**Aim of the task:**
Leaving out the pictures, return word for word the stretch of entries below from the line holding "Пост пьяного витебчанина, который" through the line holding "11月20日下午,到达婚礼场".

_ _ _ _

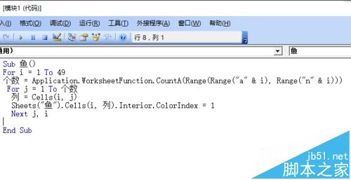 7、编程,通过读取“数据”表格里的数据,找到“鱼”表格里相应的单元格,涂色,这里我们图的是黑色。
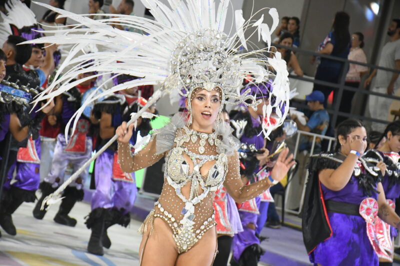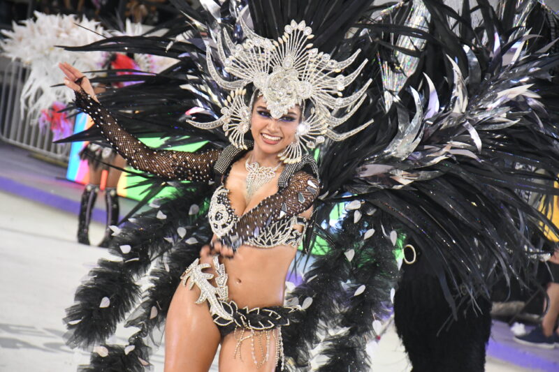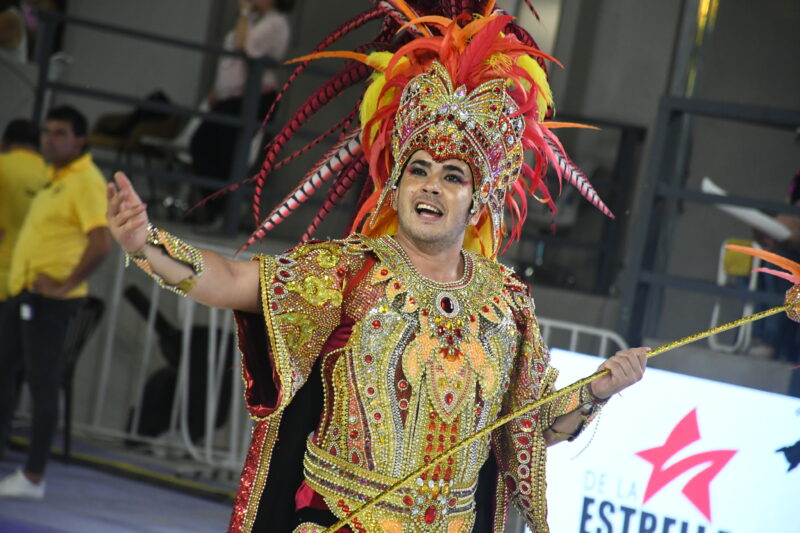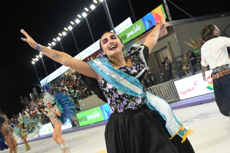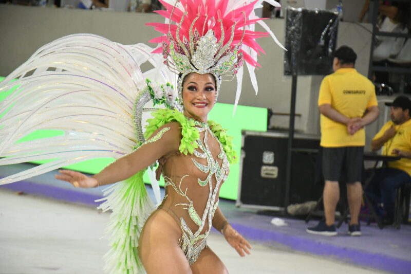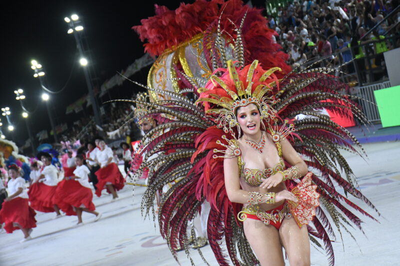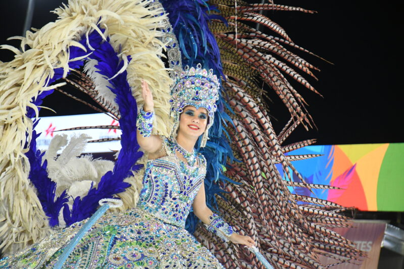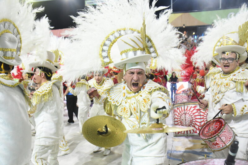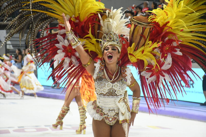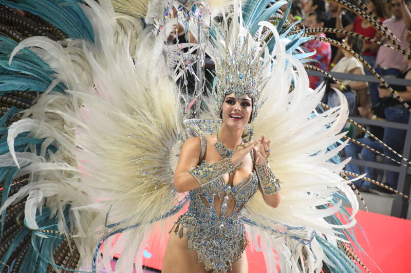 El espectáculo también contó con la destacada pasada de las agrupaciones musicales y comparsas locales. Kamandukahia, Sambanda y Samba Total hicieron gala de su talento y cadencia, mientras que las emblemáticas comparsas Copacabana, Ara Berá y Sapucay reafirmaron su legado en el carnaval más importante del país.
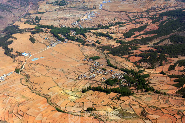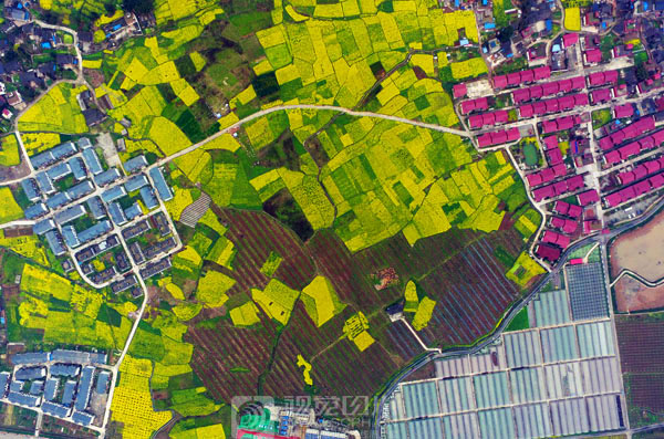 9月16日,乘坐从成都飞往西昌的航班,从高空中俯瞰,弯曲的小路、块状的田野、积木样的村庄和城镇、茁壮成长的秧苗、茂盛的树木等点、线、面的元素构成锦绣四川美图。
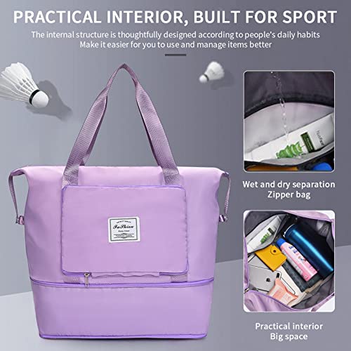Zeuku - شنطة سفر حريمي ورجالي قابلة للطي بسعة كبيرة دفل مقاومة للماء للسفر شفر منظمة للامتعة ليلية للسفر في عطلة نهاية الاسبوع يد كبيرة توت لرياضة صالة الالعاب الرياضية (الجيم), من زيوكو نايلون أرجواني
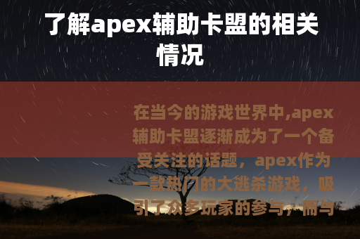 在当今的游戏世界中,apex辅助卡盟逐渐成为了一个备受关注的话题,apex作为一款热门的大逃杀游戏,吸引了众多玩家的参与,而与之相关的辅助卡盟也应运而生。
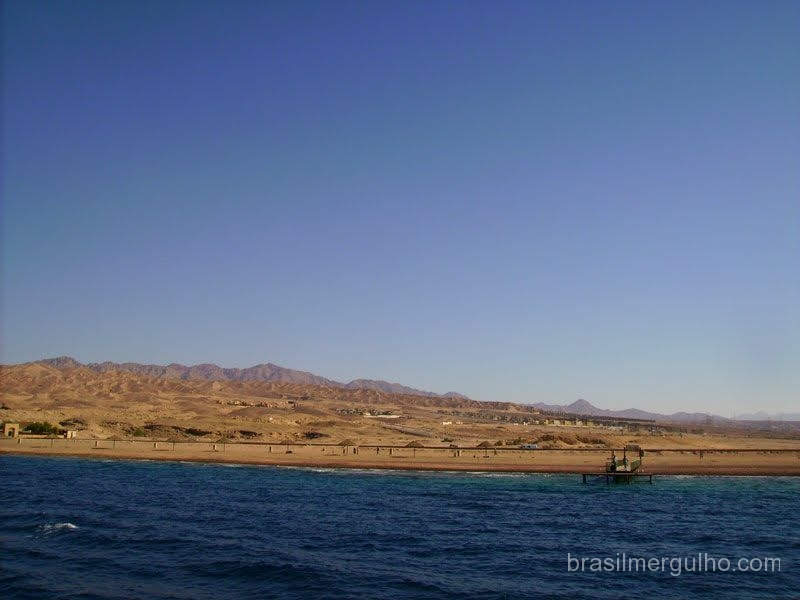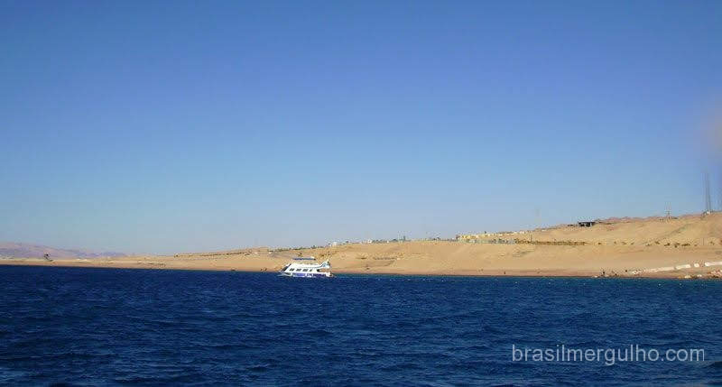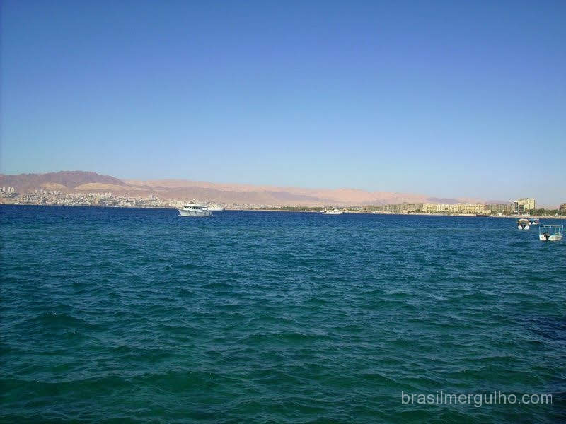 Esta região é circundada por altas montanhas, deserto e areia, comentei a geografia de nossa posição com um mergulhador israelense que estava no barco, disse a ele que estávamos em uma quádrupla fronteira, A frente o Egito, cujo território pode se avistar desde Aqaba, a esquerda a Arábia Saudita, e a direita Israel, então ele apontou uma alta montanha situada em território de Israel e disse:
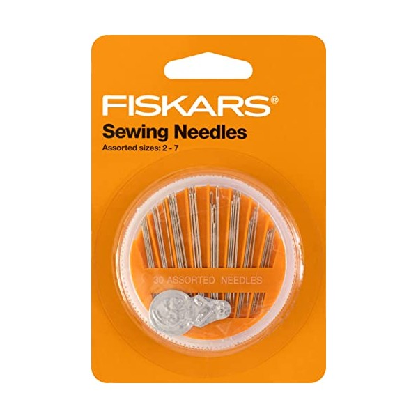 - Fiskars Assorted Sewing Needle contains 30 assorted needles and a needle threader, all neatly stored in a round compact
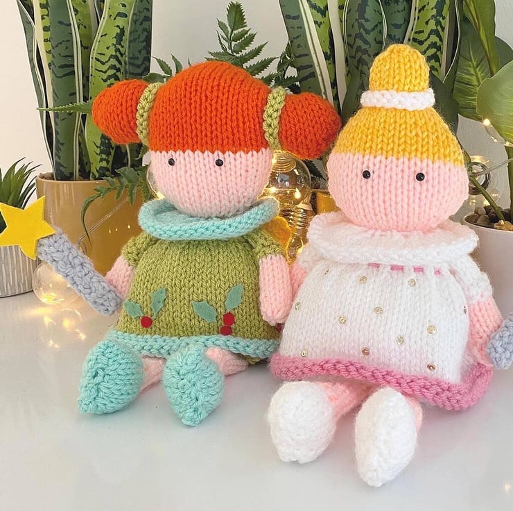 This listing is for two downloadable knitting patterns in one: knit and decorate a Winter Fairy in green and a traditional Christmas Angel doll in a white dress. Both dolls have cute wings on their backs and each holds a wand- they would make a lovely Christmas present for children.
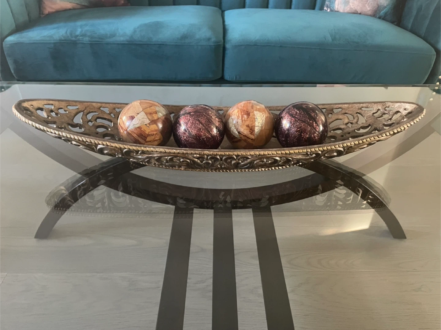 10Selling a set of decorative orbs displayed in an ornate tray. They add a touch of elegance to any room!
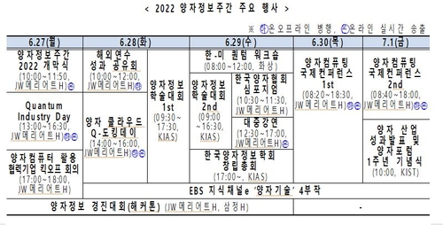 아울러 양자기술 분야로의 우수 학생 유입을 위한 양자컴퓨팅 활용 경진대회(27∼29일)와 해외연수 성과 공유회(28일)가 열린다.
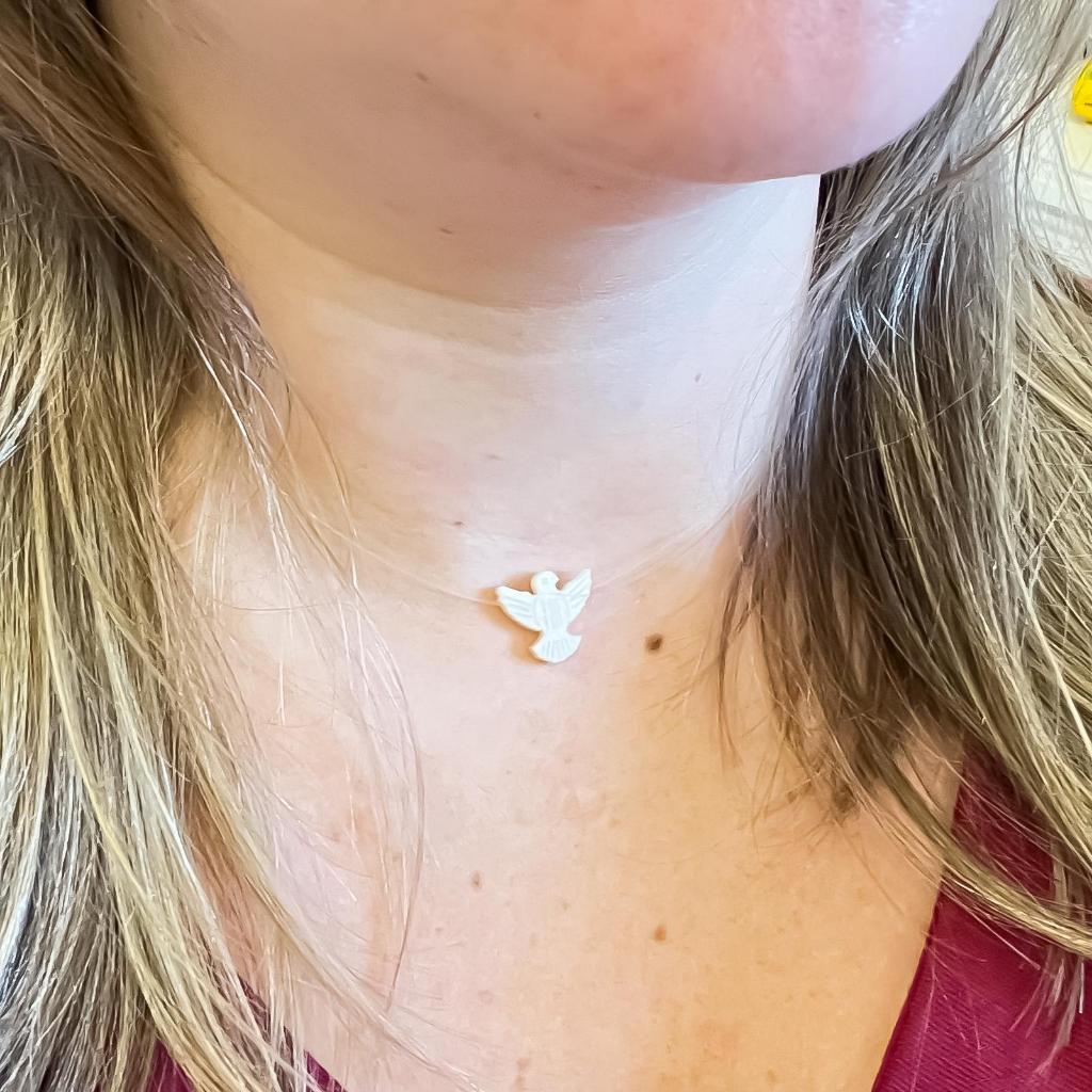 Anuncio referente a kits de colares fio de nylon com pingente Divino Espírito Santo – 45cm FOTOS DO ANUNCIO REAIS DO PRODUTO! Esse colar delicado e cheio de significado é perfeito para quem busca fé, leveza e elegância em um só acessório. Com fio de nylon quase invisível, o destaque fica todo para o pingente do Divino Espírito Santo em madrepérola, que transmite proteção e espiritualidade com um toque sofisticado. 📏 Comprimento: 45cm ✨ Material do pingente: resina tipo madrepérola 📌 Fecho prateado Ideal para usar sozinho ou compor mix de colares. Uma peça versátil que combina com qualquer ocasião! 🛍️ Aproveite para presentear ou renovar sua coleção com essa joia delicada e cheia de simbolismo!
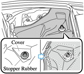 Push the stopper rubber through the cover on the right side of the vehicle while slightly lifting the cover up.
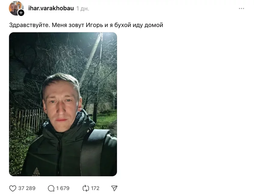 Пост пьяного витебчанина, который рассказал, что идет домой, набрал 650 тысяч просмотров — следил весь русскоязычный тредс
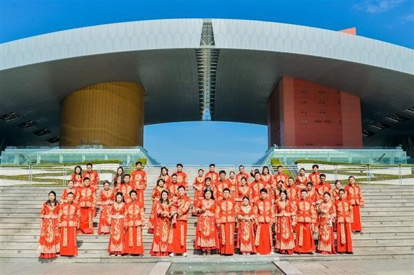 11月20日下午,到达婚礼场地后,以梦幻的大鹏湾为背景,象征祥瑞红火的舞狮表演过后,22对新人身着中式礼服,在喜庆温情的旋律中,缓步走上幸福红毯,步入会场中央,执梳头礼、合卺礼、执手礼、敬茶礼、夫妻对拜等浪漫庄重的中华传统婚礼仪式。这样的仪式不仅能让年轻人感受婚姻和谐之美,还能引导他们在未来的家庭建设道路上担起婚姻家庭之责任。
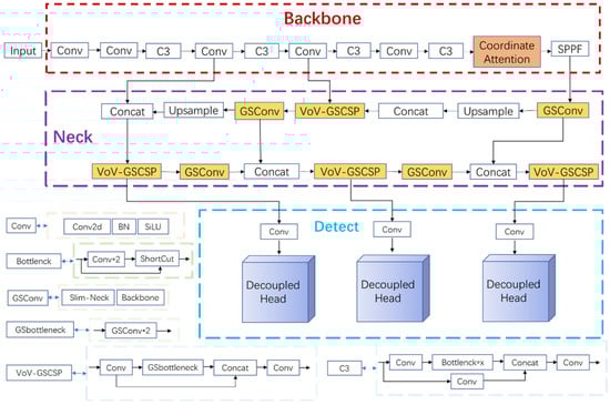 The model of this method consists of Input, Backbone, Neck, and Detect. The Backbone layer mainly performs feature extraction, which extracts the object information from the image through the convolutional network for later target detection. The Neck layer blends and combines the features to enhance the robustness of the network and strengthen the object detection ability and passes these features to the Head layer for prediction. To improve training speed, YOLOv5s version 6.0 replaces the Focus module with a convolution operation of size 6 × 6, step size 2, and padding 2. The Bottleneck module is based on the residual structure of ResNet, which can effectively reduce the training time. The C3 module contains three standard convolutional layers and multiple Bottleneck modules. This way, remote dependencies can be captured along one spatial direction, while accurate location information can be preserved along the other spatial direction. The generated feature maps are then encoded as a pair of orientation-aware and position-sensitive attention maps, respectively, which can be applied complementarily to the input feature maps to enhance the representation of objects of interest. Version 6.0 of YOLOv5s uses the SPPF module instead of the SPP (Spatial Pyramid Pooling) module. The SPPF module uses multiple small-sized pooling kernels in cascade instead of a single large-sized pooling kernel in the SPP module. GSConv and Slim-Neck methods are introduced in Neck layer. On the one hand, it replaces the Conv module with the lightweight convolution method GSConv, and on the other hand, it replaces the previous C3 module with the VOV-GSCSP module, which consists of the GSbottleneck module and Conv module, which are set up by GSConv. Finally, the three higher resolution features from the fused features are input to the decoupling head to complete the task of identifying the target class (classification problem), determining the target location (regression problem) and the confidence level. The improved network model and structure are shown in Figure 5.
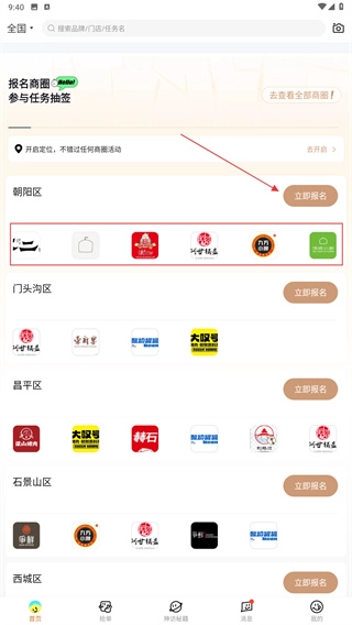 1、打开嗨探APP进入主界面,找到报名商圈板块,从中选择【朝阳区】,然后点击该区域对应的【立即报名】按钮,即可参与任务抽签。
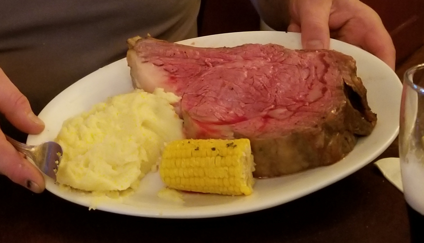Needless to say, all of our dinners were cold by the time we started eating. Two of us did not receive the correct sides. I ordered the steak tips they were horrible. Two people ordered the prime rib. It was way too fatty. They took most home for their dogs. (The people that ordered pasta dinners did enjoy their meals.)
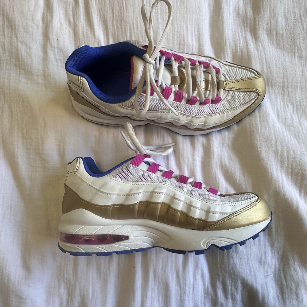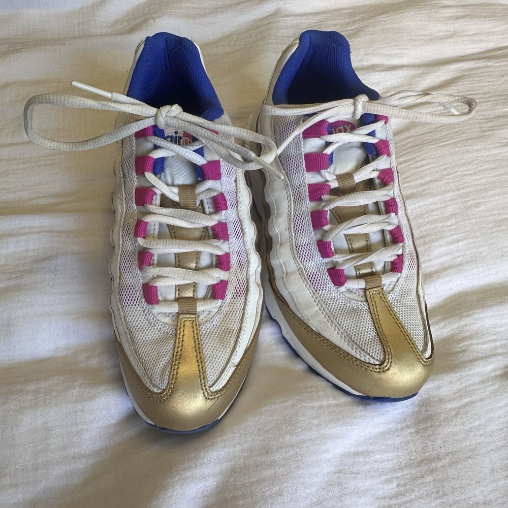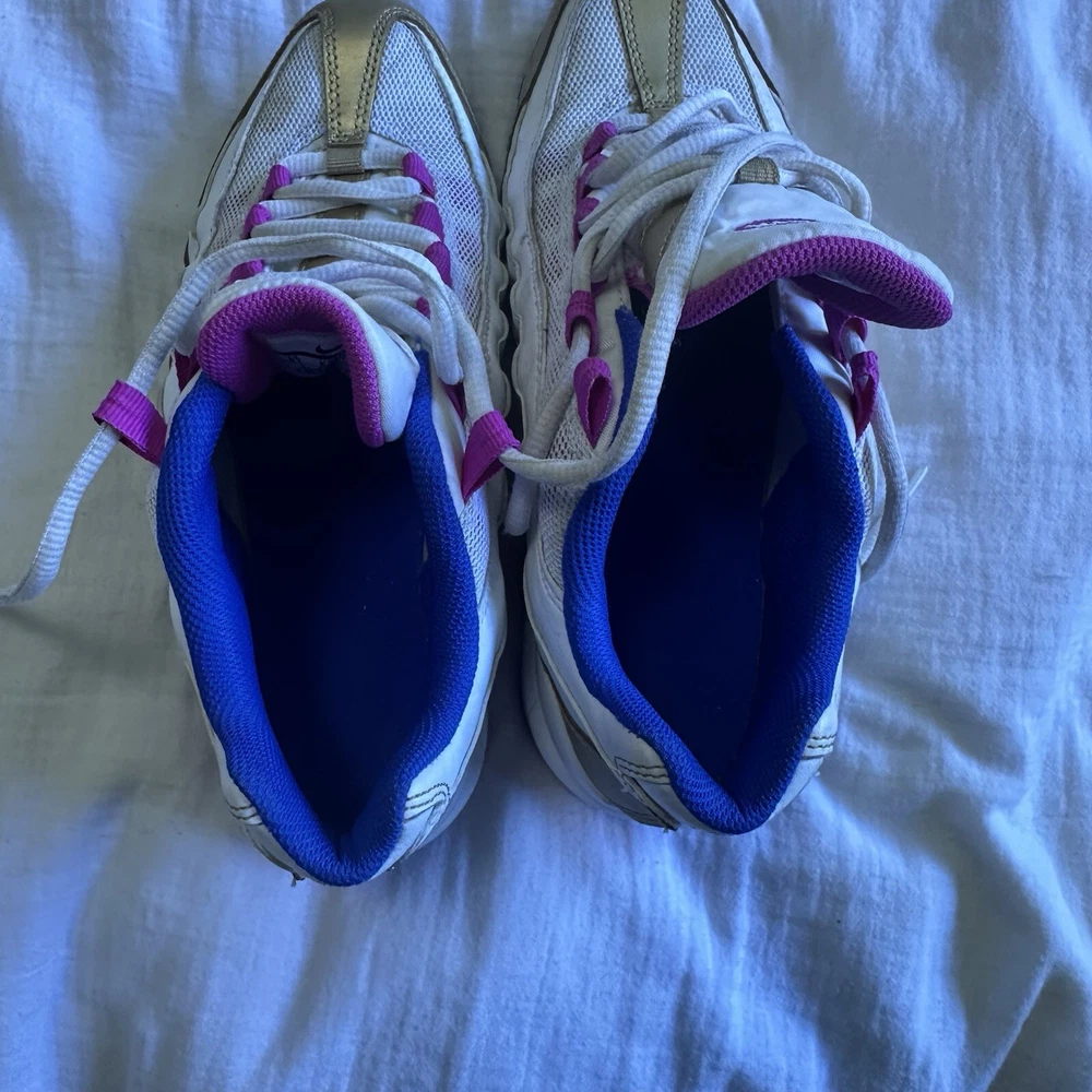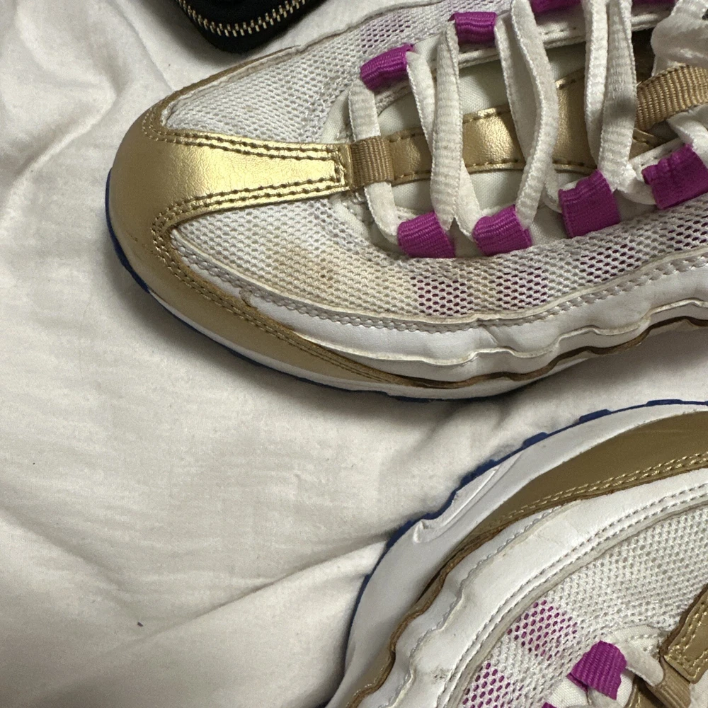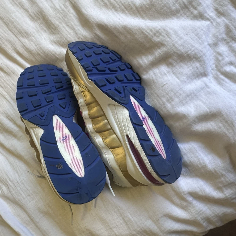 nike airmax 95 shoes in the colourway ‘peanut butter jelly’ soles look as thought they have only been worn a few times. some staining on the left shoes toe as pictured.

_ _ _ _

**Result below:**
 Пост пьяного витебчанина, который рассказал, что идет домой, набрал 650 тысяч просмотров — следил весь русскоязычный тредс
 11月20日下午,到达婚礼场地后,以梦幻的大鹏湾为背景,象征祥瑞红火的舞狮表演过后,22对新人身着中式礼服,在喜庆温情的旋律中,缓步走上幸福红毯,步入会场中央,执梳头礼、合卺礼、执手礼、敬茶礼、夫妻对拜等浪漫庄重的中华传统婚礼仪式。这样的仪式不仅能让年轻人感受婚姻和谐之美,还能引导他们在未来的家庭建设道路上担起婚姻家庭之责任。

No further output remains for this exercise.